District Thirteen - Promises

She doesn't believe them when they tell her.

I am there in the hospital with her when the footage runs live. We all see it—Peeta's rampage, the black wave, the explosion. All of it. We see their faces flash across the screen like I saw those faces in the night sky so many years ago.

The hospital ward is a mixture of emotions. There is a lot of anger and sadness, yelling and crying. I feel a sense of hopelessness, of weightlessness, like being suspended in midair, like the world around me isn't real, like this is all a dream. I've felt only bitterness for so long. It's hard to remember how to feel anything else.

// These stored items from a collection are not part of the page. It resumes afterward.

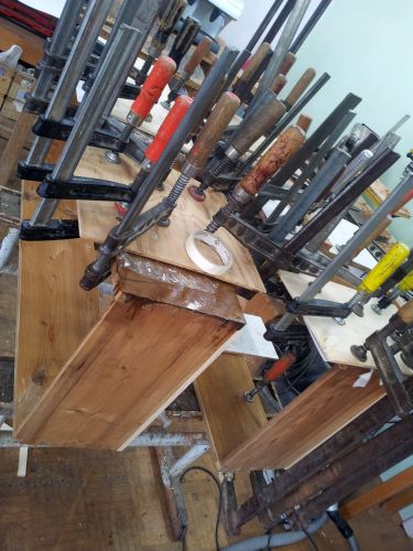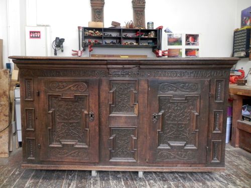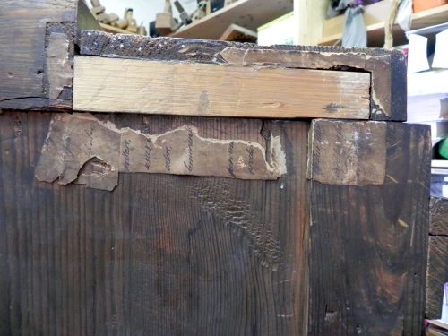 Ausführung sämtlicher Holzarbeiten; Ergänzung vieler Profilleisten; Begradigen von verworfenen Seitenteilen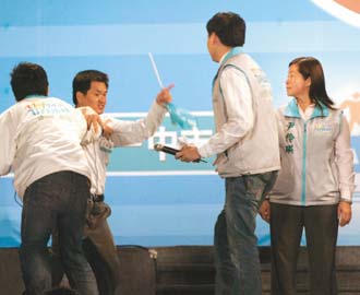 謝長(zhǎng)廷18日在云林舉辦造勢(shì)晚會(huì),執(zhí)行總干事李應(yīng)元介紹前“臺(tái)聯(lián)黨”“立委”尹伶瑛(右)加入民進(jìn)黨時(shí),一名民進(jìn)黨支持者(左二)沖上臺(tái)辱罵尹伶瑛。(圖:臺(tái)灣《聯(lián)合報(bào)》)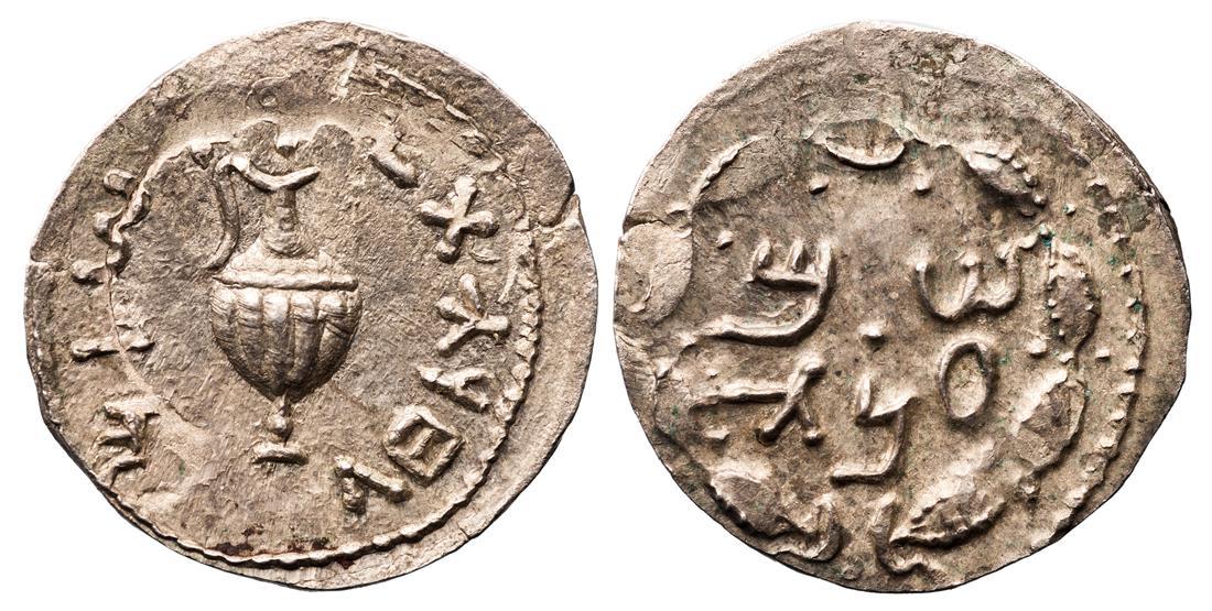 Judaea. Bar Kochba Revolt. AR Zuz – Denarius, undated (Year 3 = 134/135). 3.18 gms. Shim’on in Hebrew within wreath, rev. for the Freedom of Jerusalem around flagon with handle. Mildenburg 132, Mershorer 284, Hendin 1428. Overstruck on an issue of Vespasian, outline of portrait clear on reverse. Well-struck on a broad flan and quite sharp, a superlative example of the type. Extremely Fine.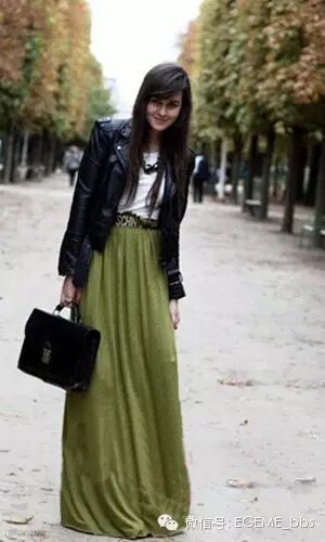 黑色皮夹克搭配绿色丝绸拖地长裙,意想不到的组合,但是效果奇好,柔美中带有一丝帅气。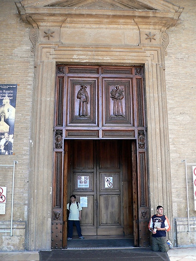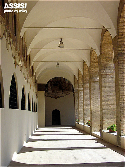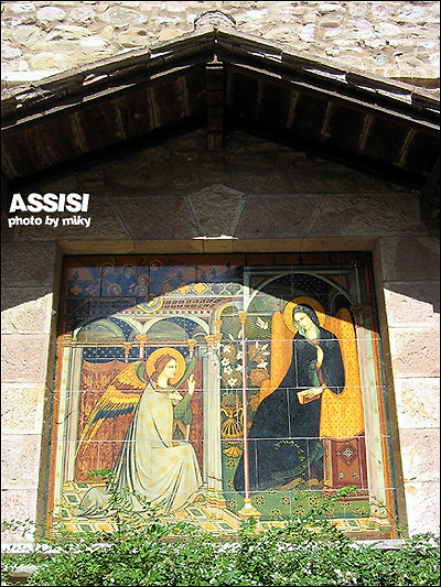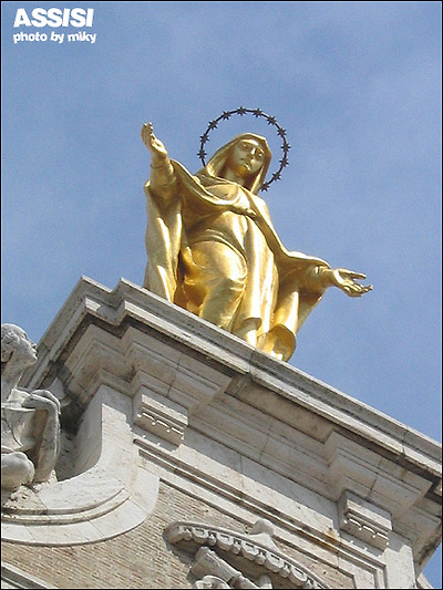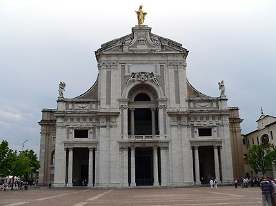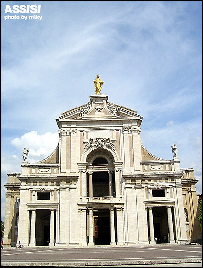 Santa Maria degli Angeli 성당은 원래 성프란체스코와 그 제자들이 오두막을 지었던 곳이다. 부유한 아들로 태어나 방탕하게 살다가 전쟁을 계기로 모든것을 버리고 청빈하게 나환자를 돌보며 살아간 프란체스코가 이곳에 오두막을 지어 그 제자들과 공동체 생활을 한곳이다. 현재의 성당은 16세기 갈레아쪼 알레씨 (Galeazzo Alessi)에 의해 건축되어 지는데 늘씬한 지붕과 함께 당당한 위엄을 갖추고 있다. 성당에 들어서면 포르쥰콜라 (Porziuncola-조그마한 예배당-프란체스코회의 창설지), 가시 없는 장미, 성 프란체스코(San Francesco)가 죽은 곳, 상 위의 비둘기등을 볼 수 있다.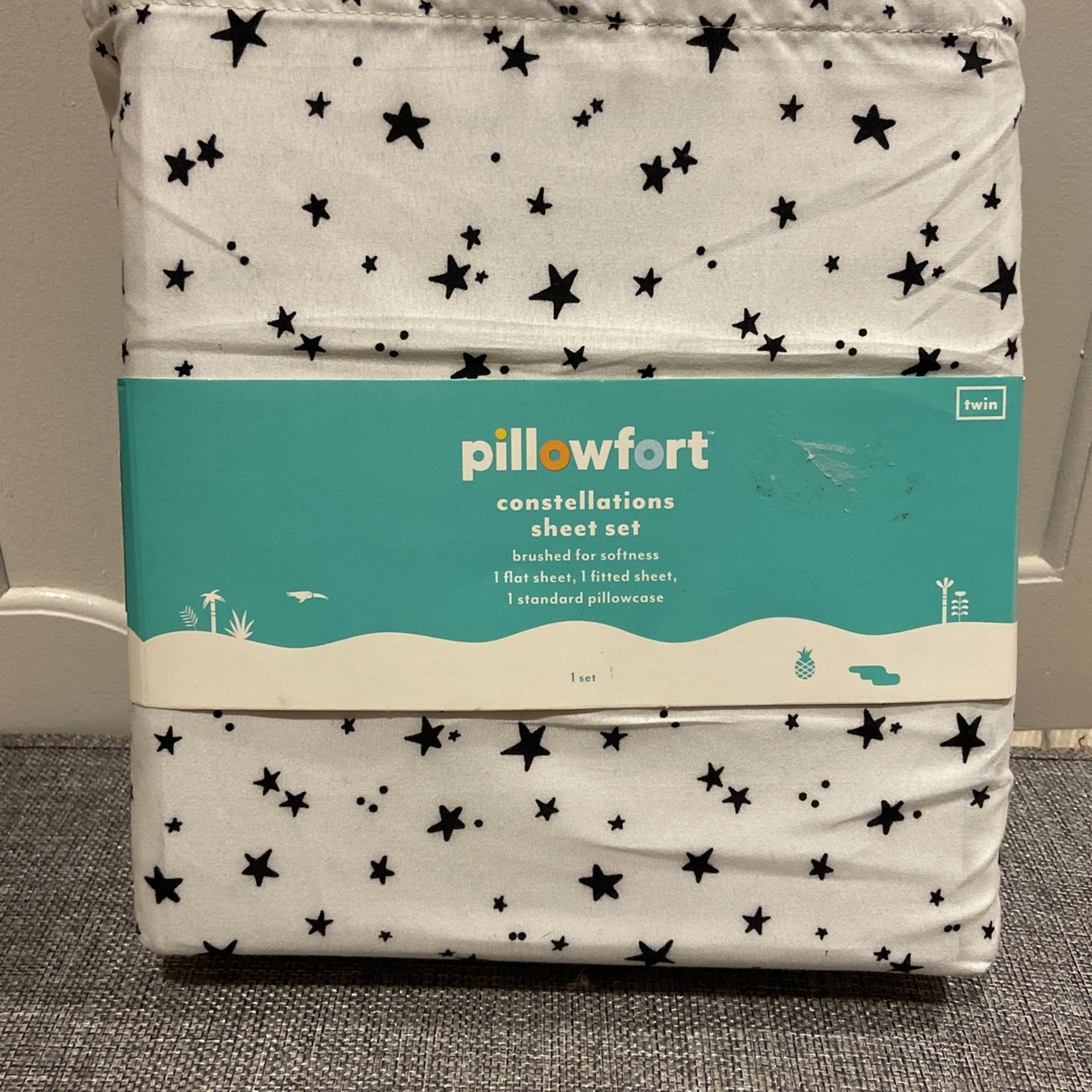 Brand New In Package!! Twin size Constellations (stars) print sheet set. Includes 1 flat sheet, 1 fitted sheet, 1 standard pillowcase. Star print is dark, dark blue. Pickup by Poway Target.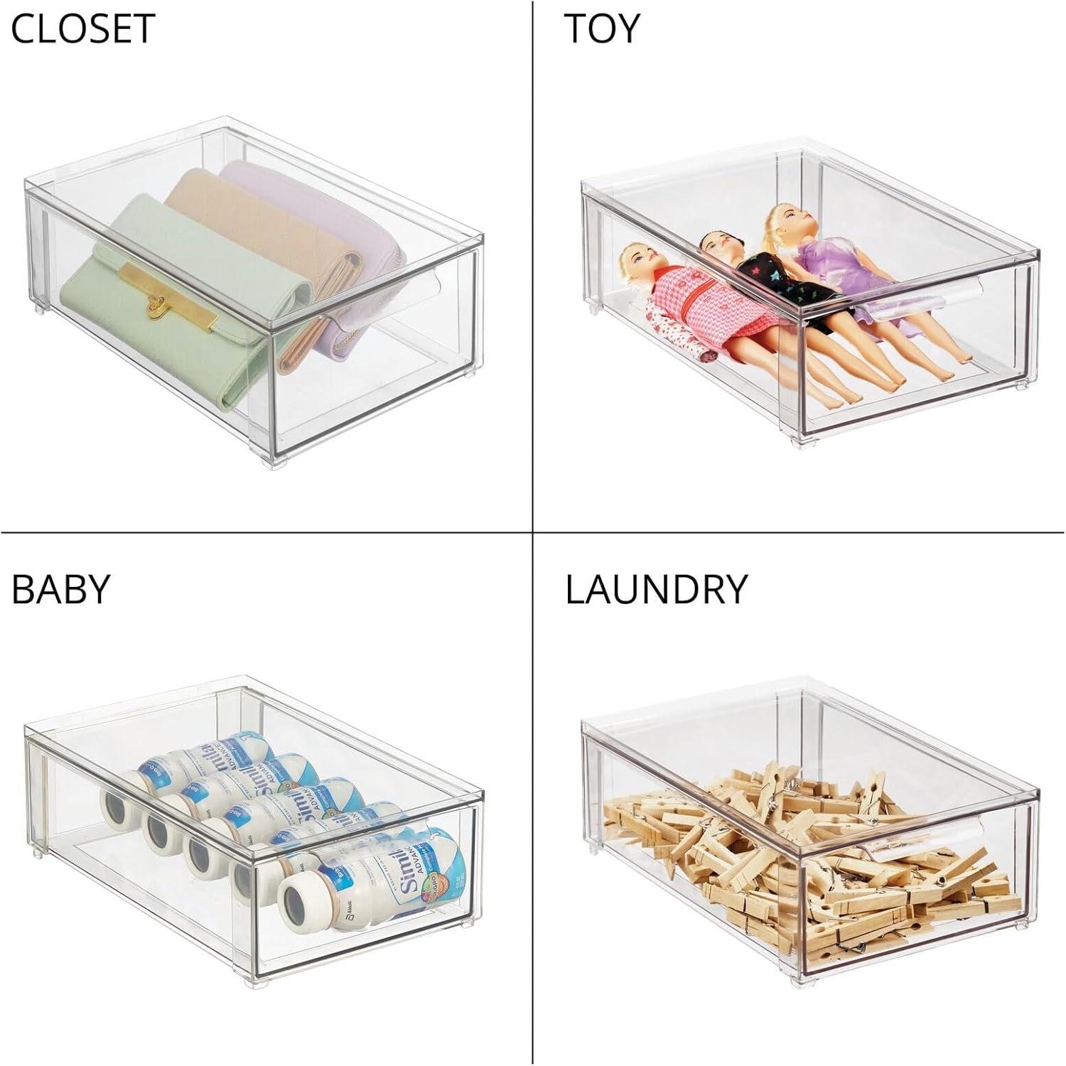 mDesign Plastic Stackable Bathroom Storage Organizer Bin Containers with Front Pull Drawer for Bathroom Countertop, Vanity, Closet Shelves – Holder for Beauty Accessories – Lumiere Collection – Clear(8 x 12 x 4 (Pack of 4))

She is there with her eyes glued to the screen the entire time, watching with horror as her husband perishes. I see a tear slip down her cheek. I watch her whole body collapse in itself. I feel bad for her, but I don't even want to try to comfort her. That would just end in disaster, like it always does when we interact.

The chubby blonde one is crying, too, but she doesn't do it all prettily. Her face gets red and blotchy and her nose drips snot. I guess she's crying for Katniss or Peeta or Gale, someone from her district. More likely she is crying for everyone else's suffering. She seems like the kind of idiot who does that.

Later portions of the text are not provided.